● WORK TO BE COMPLETED
When the data below is printed, every line must match exactly and the images must be absent.
──────── PROVIDED MATERIAL ────────
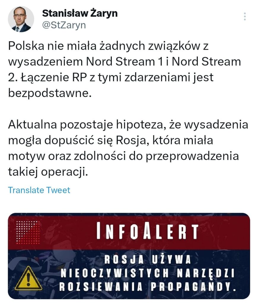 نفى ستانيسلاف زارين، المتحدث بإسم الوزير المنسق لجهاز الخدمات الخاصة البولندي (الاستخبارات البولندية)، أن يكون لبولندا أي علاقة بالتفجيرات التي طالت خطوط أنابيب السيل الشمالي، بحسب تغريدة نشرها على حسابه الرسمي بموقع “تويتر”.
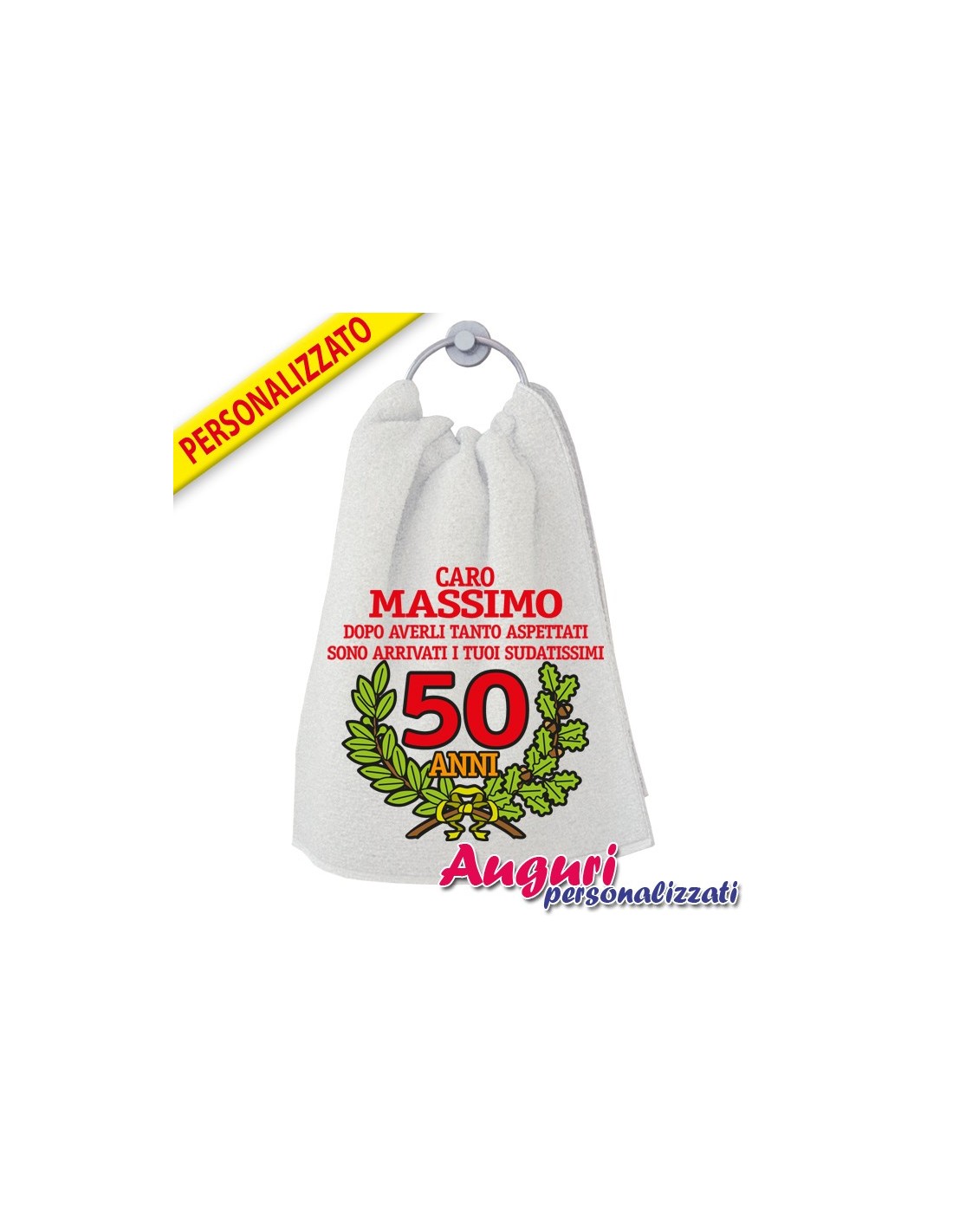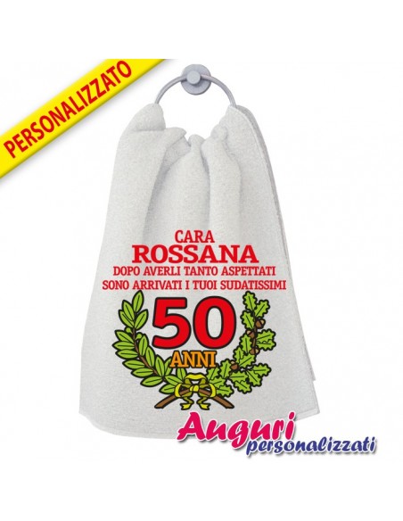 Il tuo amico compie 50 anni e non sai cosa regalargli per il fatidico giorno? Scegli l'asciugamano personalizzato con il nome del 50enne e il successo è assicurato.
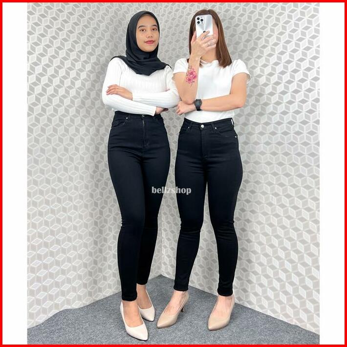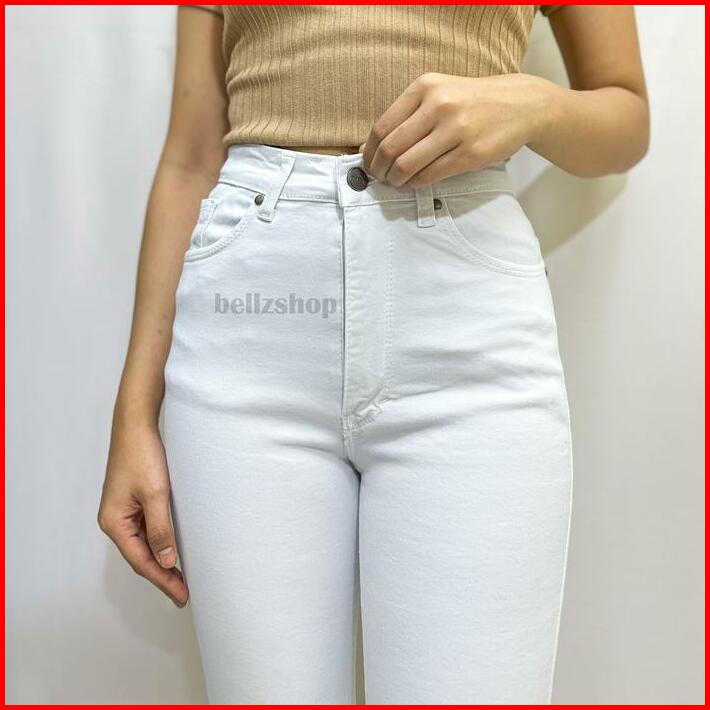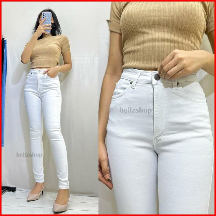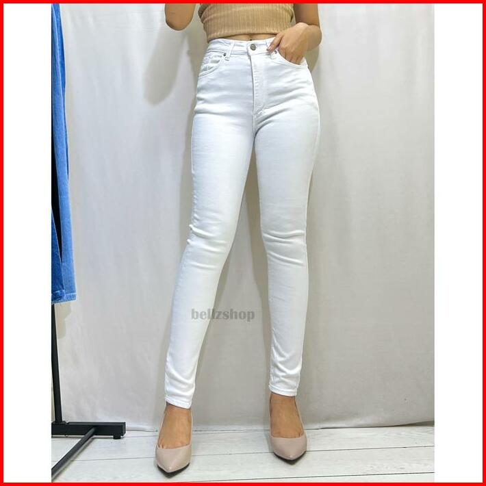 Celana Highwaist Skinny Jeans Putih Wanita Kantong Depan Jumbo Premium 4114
────────
● SOLUTION FOR THIS PROBLEM
 نفى ستانيسلاف زارين، المتحدث بإسم الوزير المنسق لجهاز الخدمات الخاصة البولندي (الاستخبارات البولندية)، أن يكون لبولندا أي علاقة بالتفجيرات التي طالت خطوط أنابيب السيل الشمالي، بحسب تغريدة نشرها على حسابه الرسمي بموقع “تويتر”.
 Il tuo amico compie 50 anni e non sai cosa regalargli per il fatidico giorno? Scegli l'asciugamano personalizzato con il nome del 50enne e il successo è assicurato.
 Celana Highwaist Skinny Jeans Putih Wanita Kantong Depan Jumbo Premium 4114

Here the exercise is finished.